Use a three-layer hierarchy: (1) a top-level index file like AGENTS.md that maps common tasks to doc files, (2) searchable documentation directories organized by intent using frameworks like Diátaxis (how-to, reference, explanation), and (3) detailed reference docs that link to source code. File names should be keyword-rich (e.g., add-api-endpoint.md not guide-3.md) so agents find them quickly.
Why does context window position matter for AI coding agents?
Research on LLM attention patterns shows that models reason most effectively at the beginning of their context window. When an AI agent spends its early context — its sharpest reasoning capacity — on exploration and grep results, it has less cognitive capacity left for the actual coding task. Reducing hill-climbing preserves peak attention for writing better code.

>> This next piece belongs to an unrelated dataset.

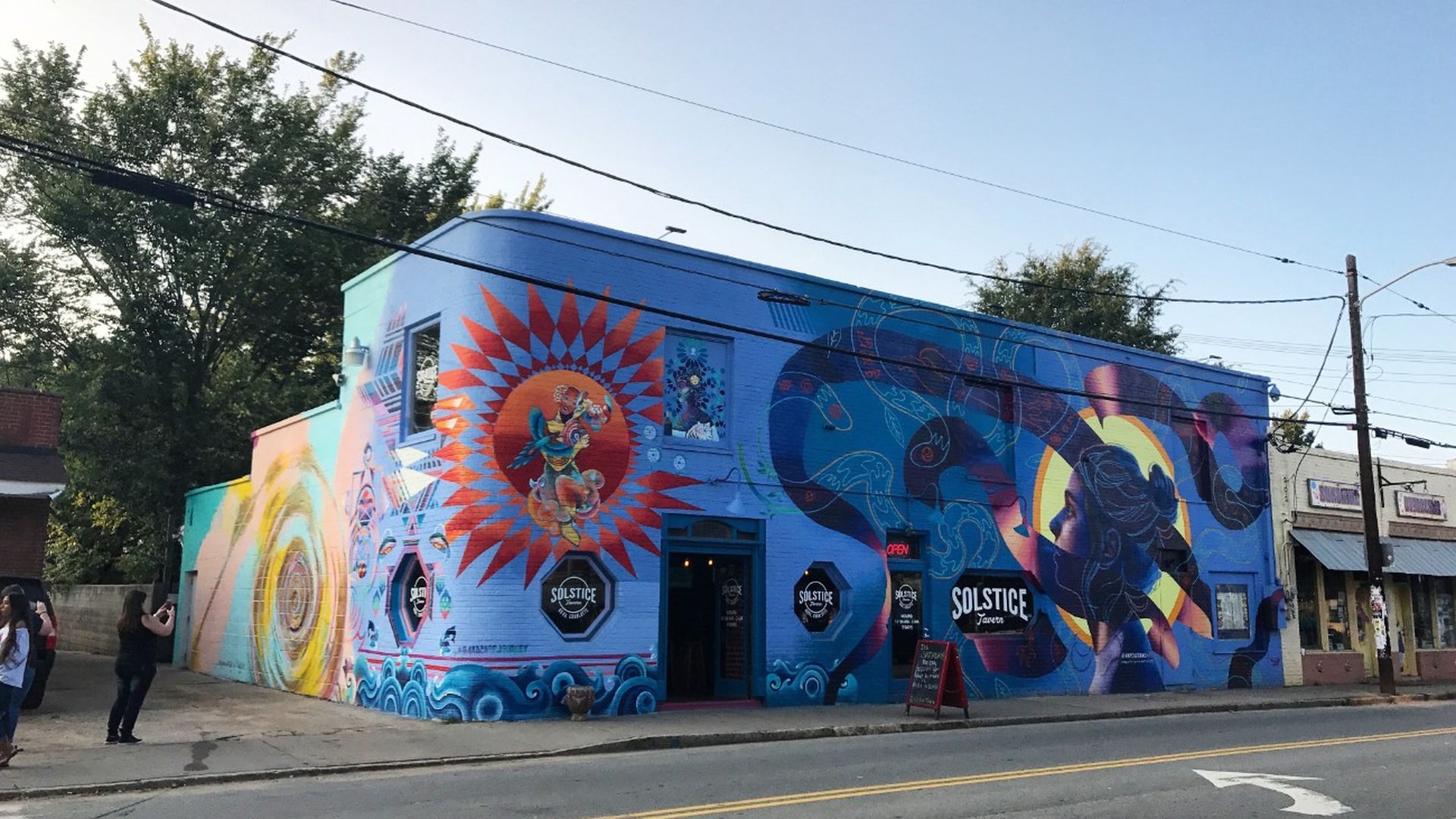You’ll find a number of eye-catching murals in the neighborhood including The Fibonacci by Jonay Di Ragno on the former Solstice building, William Puckett’s piece on Jack Beagle’s and several works by Nick Napoletano.

How does Stoneforge help with AI agent context efficiency?
Stoneforge enforces structured documentation through its orchestration system. It auto-indexes docs into SQLite with FTS5 full-text search, giving agents relevancy-ranked results in a single query instead of scanning grep hits. Combined with hierarchical documentation, this reduces agent orientation to under 10% of context — compared to 20-40% on undocumented codebases.